The XML Events module provides XML host languages the ability to uniformly integrate event listeners and associated event handlers with Document Object Model (DOM) Level 2 event interfaces. The result is an event syntax for XHTML-based languages that enables an interoperable way of associating behaviors with document-level markup.
VoiceXML has been designed for creating audio dialogs that feature synthesized speech, digitized audio, recognition of spoken and DTMF key input, recording of spoken input, telephony, and mixed-initiative conversations. In this document, VoiceXML 2.0 is modularized to prepare it for integration into the XHTML family of languages using the XHTML modularization framework. The modules that combine to support speech dialogs for updating XHTML forms and form elements are selected to be added to XHTML. The modules are described as well as the integration issues. The modularization of VoiceXML 2.0 also specifies DOM event types specific to voice interaction for use with the XML Events module. Speech dialogs authored in VoiceXML 2.0 can then be treated as event handlers to add voice-interaction specific behaviors to XHTML documents. The language integration supports all of the modules defined in XHTML Modularization, and adds speech interaction functionality to XHTML elements to enable multimodal applications. The document type defined by the XHTML+Voice profile is XHTML Host language document type conformant.
Two mature technologies, XHTML 1.1 and VoiceXML 2.0 are integrated using XHTML Modularization to bring spoken interaction to the visual web. The design leverages open industry APIs like the W3C DOM to create interoperable web content that can be deployed across a variety of end-user devices. Multiple modes of interaction are synchronized and integrated using the DOM 2 Events model and exposed to the content author via XML Events.

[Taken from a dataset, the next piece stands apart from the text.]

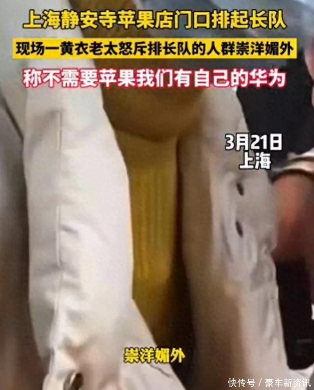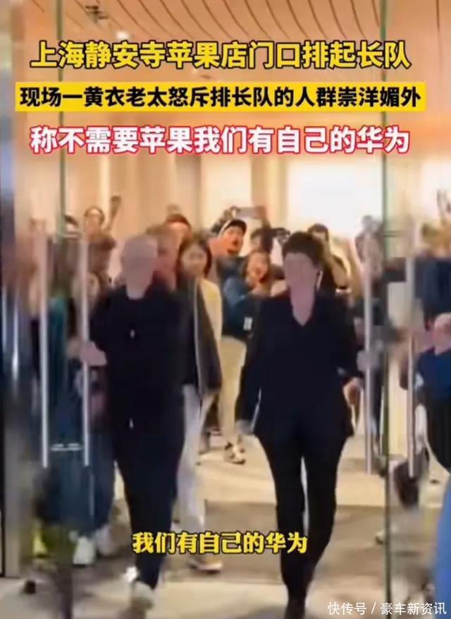 上海苹果店门口排长队,老太太怒骂果粉崇洋媚外,顾客怒怼老太太
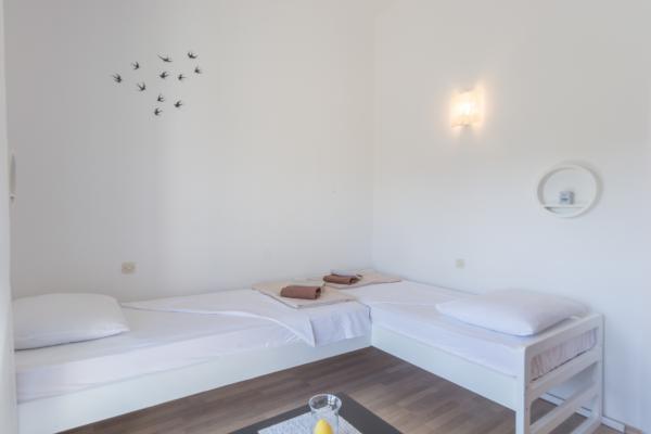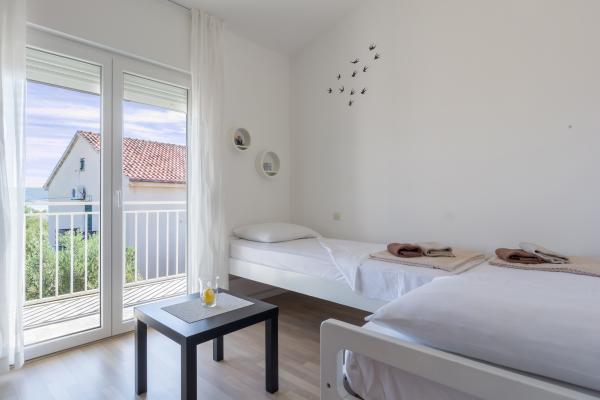 APARTMA PAŠMAN - VAŠE IDEALNE POČITNICE V SEZONI 2026 Dobrodošli v Neviđane, otok Pašman - enem tistih redkih krajev, kjer mir, čisto morje in pristno mediteransko vzdušje še vedno živijo vsak dan. Popolna destinacija za družine, pare in prijatelje, ki iščejo sprostitev, varnost in kakovostno namestitev, daleč od množičnega turizma. Naš moderno opremljen apartma se nahaja le 50 metrov od morja, ob peščenih in prodnatih plažah, idealnih za otroke, in brezskrbno uživanje za odrasle. Namestitev vključuje 2 spalnici, veliko dnevno sobo z dodatnim ležiščem, popolnoma opremljeno kuhinjo, kopalnico, teraso in balkon ter zasebno parkirišče. Če je do 6 oseb, cena vključuje tretjo spalnico z lastno kopalnico (ensuite) in teraso. Hišni ljubljenčki so dobrodošli brez doplačila. Trajektno pristanišče je oddaljeno le 10 km, odlične povezave in mirno okolje. Pašman - preprostost, mir in občutek prihoda domov.

Today, web applications are authored in XHTML with user interaction created via XHTML form elements. The W3C is presently working on XForms, the next generation of web forms that bring the power of XML to web application development. The combination of XHTML and Voice described in this document can leverage the semantic richness of web applications created using XForms, while providing a smooth transition for today's developers wishing to deploy multimodal applications by adding spoken interaction to present-day web content. Integrating the work of the W3C voice browser working group into mainstream XHTML content has the advantage of ensuring that future enhancements to the voice browser component such as natural language understanding will be incorporated. Thus, a smooth transition path for web developers wishing to deliver increasingly smart user interaction for their web applications is provided. Building on XHTML Basic and XHTML modularization, content developers will be able to deploy their content to a wide variety of end-user clients ranging from mobile phones and small PDAs to desktop browsers..." [from the version 1.2 specification, 16-March-2004]

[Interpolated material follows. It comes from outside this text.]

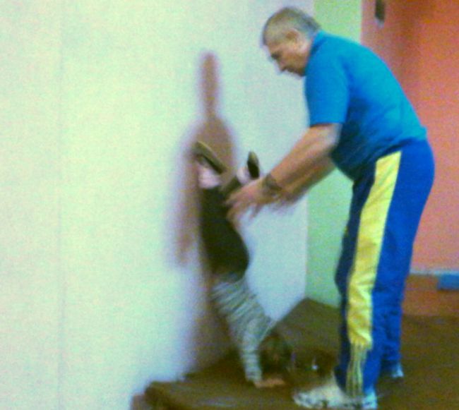 Но есть, есть занятия для детей! Их проводит заслуженный тренер по спортивной гимнастике, с опытом работы более 20 лет в спортивной школе Динамо (теперь уже почившей в бозе).

Related Background Articles
"X+V is a Markup Language, Not a Roman Math Expression. Introducing XHTML + Voice: IBM's Proposal to the W3C on Developing Multimodal UIs." By Les Wilson (Senior Technical Staff Member, IBM Corp., Pervasive Computing Division). From IBM developerWorks. 19-August-2003. "X+V (XHTML plus Voice) is a Web markup language for developing multimodal applications. Like VoiceXML, X+V meets the increasing user demand for voice-based interaction in small and mobile devices. Unlike VoiceXML, X+V uses both voice and visual elements, bringing a world of new potential to the field of wireless user interface development. In this article, IBM Multimodal Architect Les Wilson provides a complete introduction to X+V, including a conceptual overview of multimodal interface development, an architectural view of the three components that comprise X+V's core functionality, and a code example that demonstrates the utility of this promising new markup language." See the sidebar, SALT versus X+V.

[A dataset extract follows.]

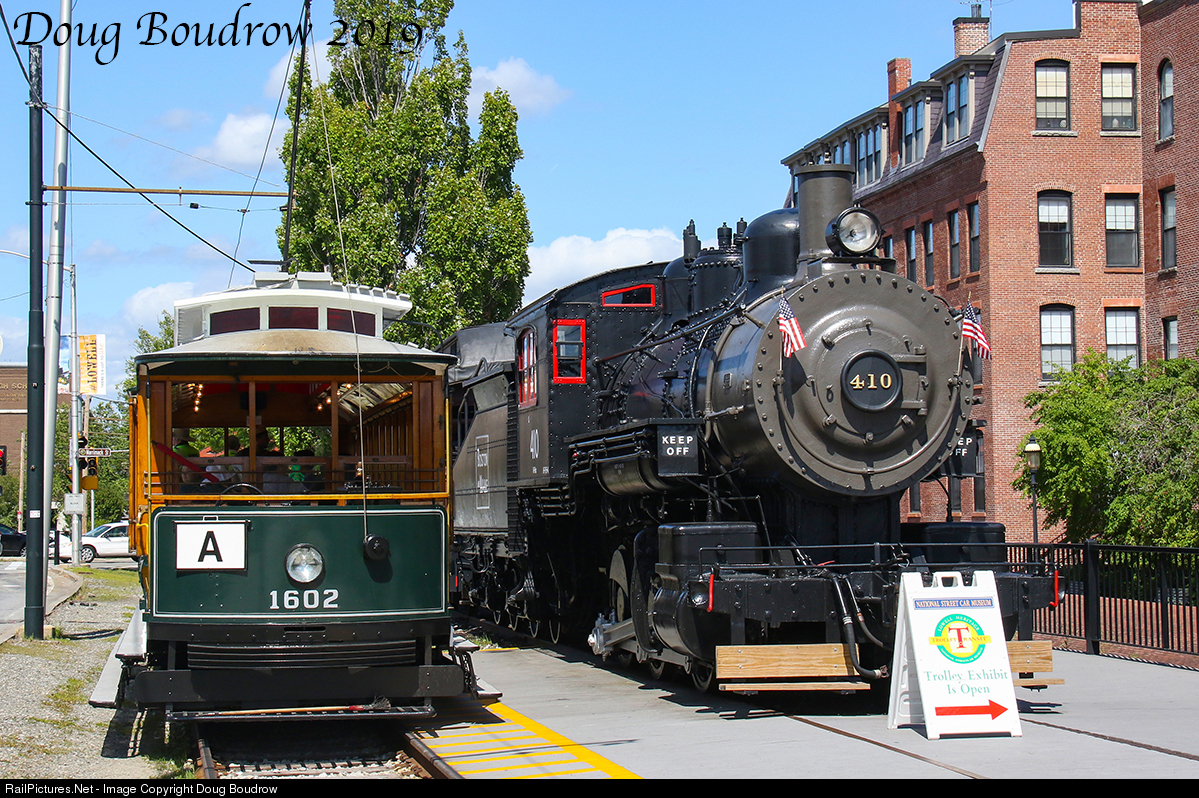 Car 1602, a replica of an early 1900s Brill Breezer Car departs the Lowell Visitor Center platform with a tour group Boston & Maine 410, with is an 0-6-0 switcher built at the Manchester Works of the American Locomotive Company and worked the very tracks that the historic trolleys run on today.

"Versatile Multimodal Solutions. The Anatomy of User Interaction." By T.V. Raman, Gerald McCobb, and Rafah A. Hosn. In XML Journal Volume 4 Issue 4 (April 2003). "This article describes X+V 1.1, an update to X+V that integrates the results of more than two years of experience gained by implementing multimodal solutions using this framework. It summarizes the additions to X+V and illustrates their use in creating multimodal interaction that leverages mixed-initiative VoiceXML dialogs. Formal descriptions of these additions can be found in the X+V 1.1 specification; here we'll focus on motivating these additions and explaining their use."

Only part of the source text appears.